> _TASK DESCRIPTION_: Go through the data and tally the lines that hold the string "yard". Reply with the total alone.
(Beginning of DATASET)
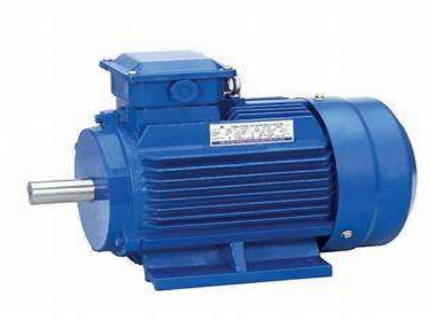
Fig4 AC Motor

Motor is an electrical device that converts electrical energy into mechanical energy. Most of the electric motors operate throughout the interface between the motor's magnification and winding currents to produce the torque in the rotation form. Electric motors can be operated by direct current (DC) sources, such as batteries, motor vehicles or rectifiers, or by alternating current (AC) sources, such as a power grid, inverters or electrical generators. An electric generator is mechanically identical to an electric motor, but operates in the reverse direction, accepting mechanical energy (such as from flowing water) and converting this mechanical energy into electrical energy.
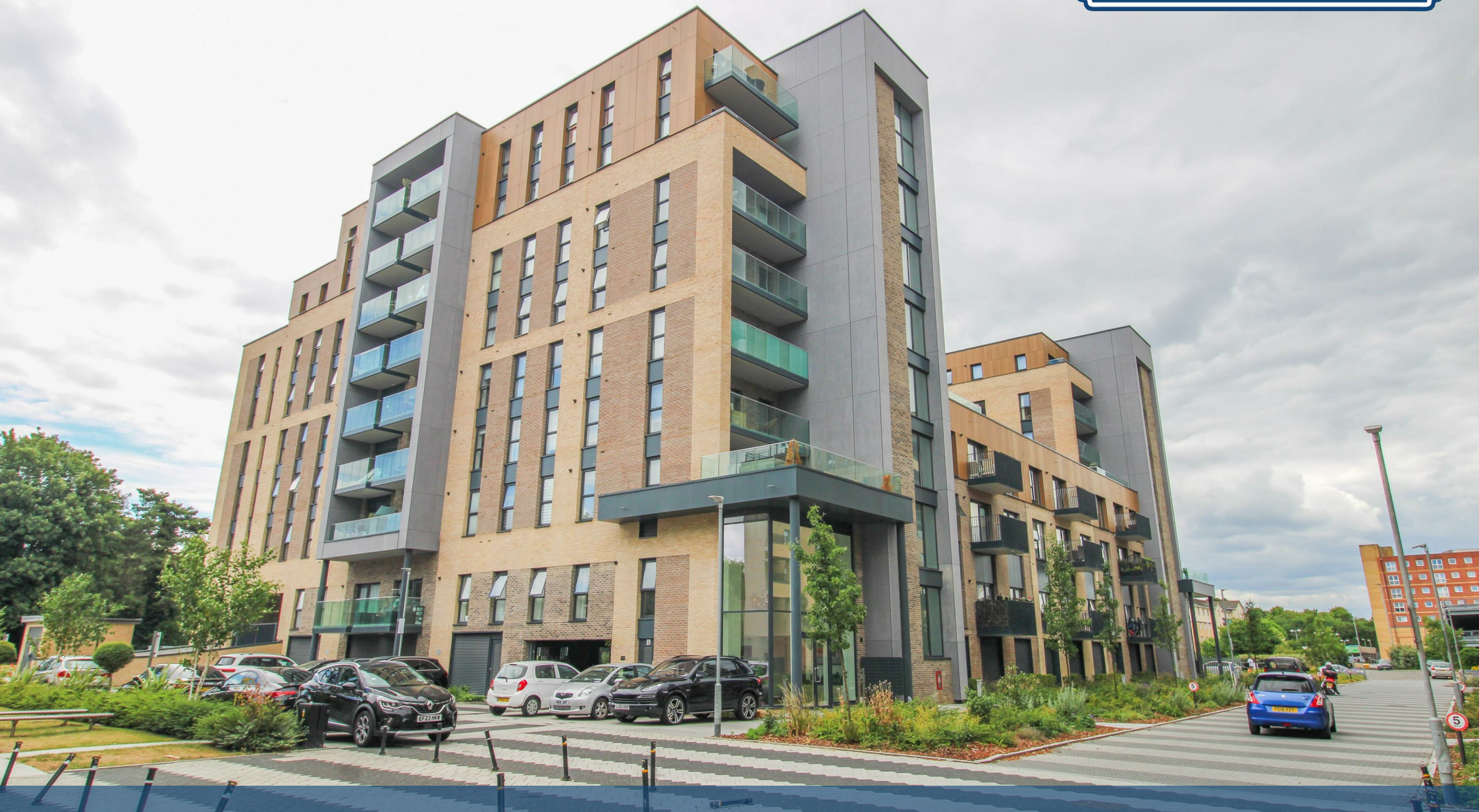
Hepworth House, Harlow, CM20 2UB £350,000
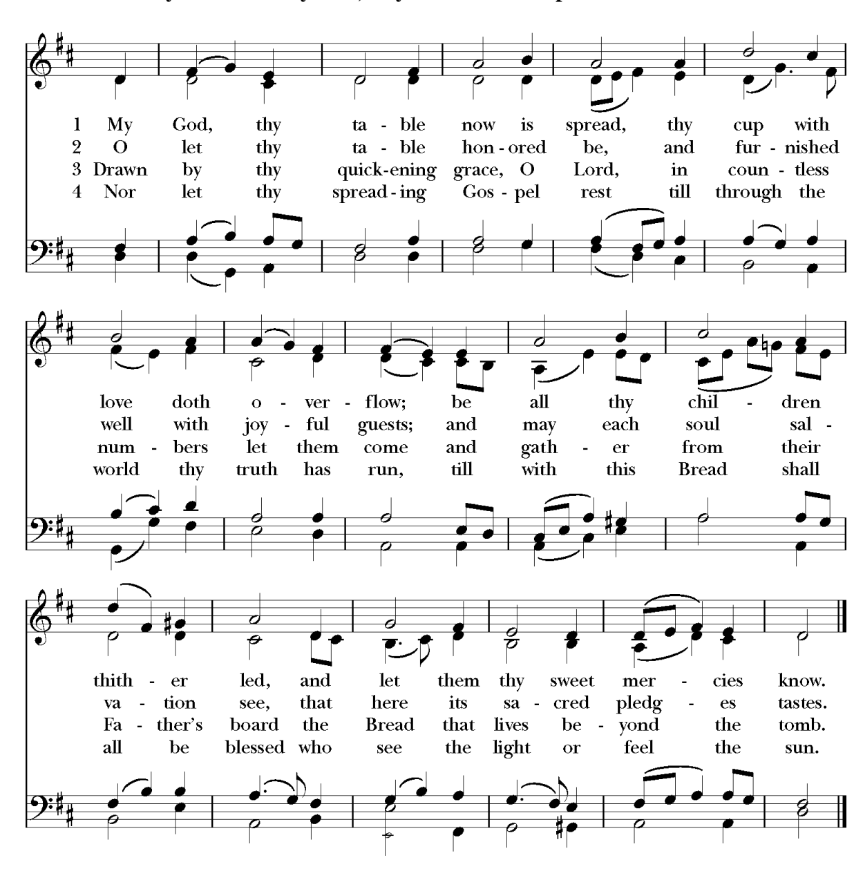
Words & Music: The Church Pension Fund, © 1985; All rights reserved. Reprinted under ONE LICENSE #707505-A and CCLI #1780828.
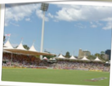
The Gabba, Queensland
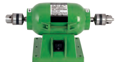
Motor. Art. no. KJ913K-230

Technical info: 300 W, 3000 rpm, extremely quiet. Height: 150 mm. Total length: 300 mm. Weight: 4,5 kg. With two tapered key-chucks = vibration-free running. Chucks: 1,5-10 mm.
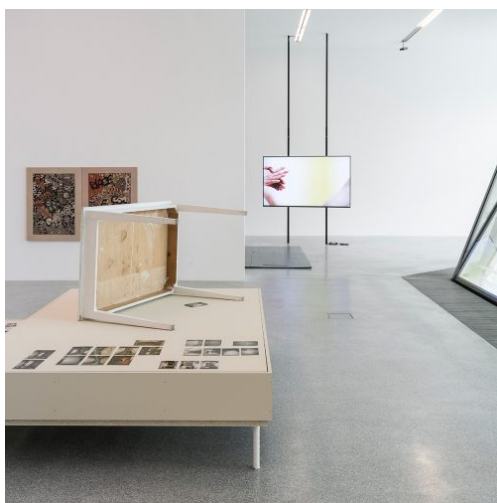
“Doing Deculturalization”, exhibition view. Museion, 2019.

— Sonia Khurana, Logic of Birds .
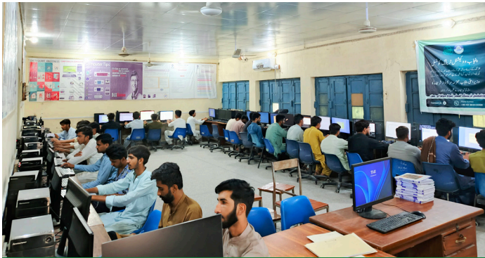
Computer Operator Trade - VTI Mianwali

has been playing a transformative role by establishing vocational training institutes across Mianwali to provide youth with industry-relevant skills.
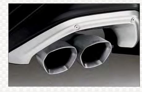
Exhaust Finisher. Precision-formed stainless steel trim pieces add a serious performance look to the rear of the WRX.
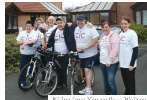
Biking from Newcastle to Wallsend
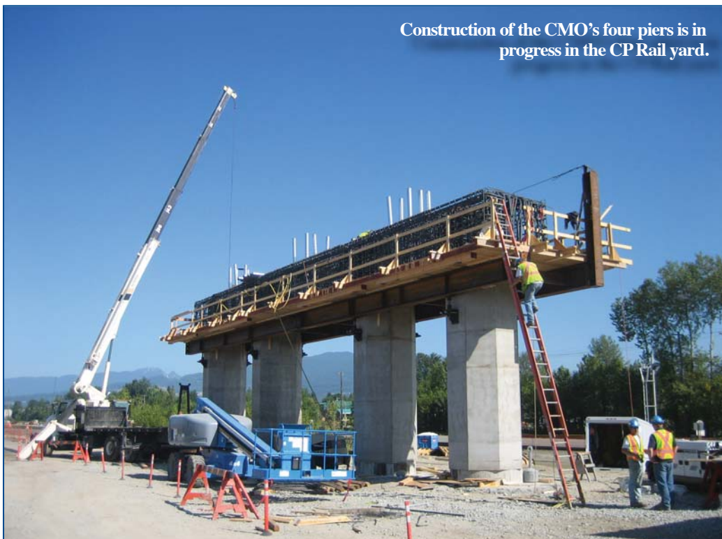
Construction of the CMO's four piers is in progress in the CP Rail yard.

Construction of the Coast Meridian Overpass Project continues, with activities this fall focused on the north side of the project area and in the CP Rail yard.
(End of DATASET)
> _WRITTEN RESPONSE_: 2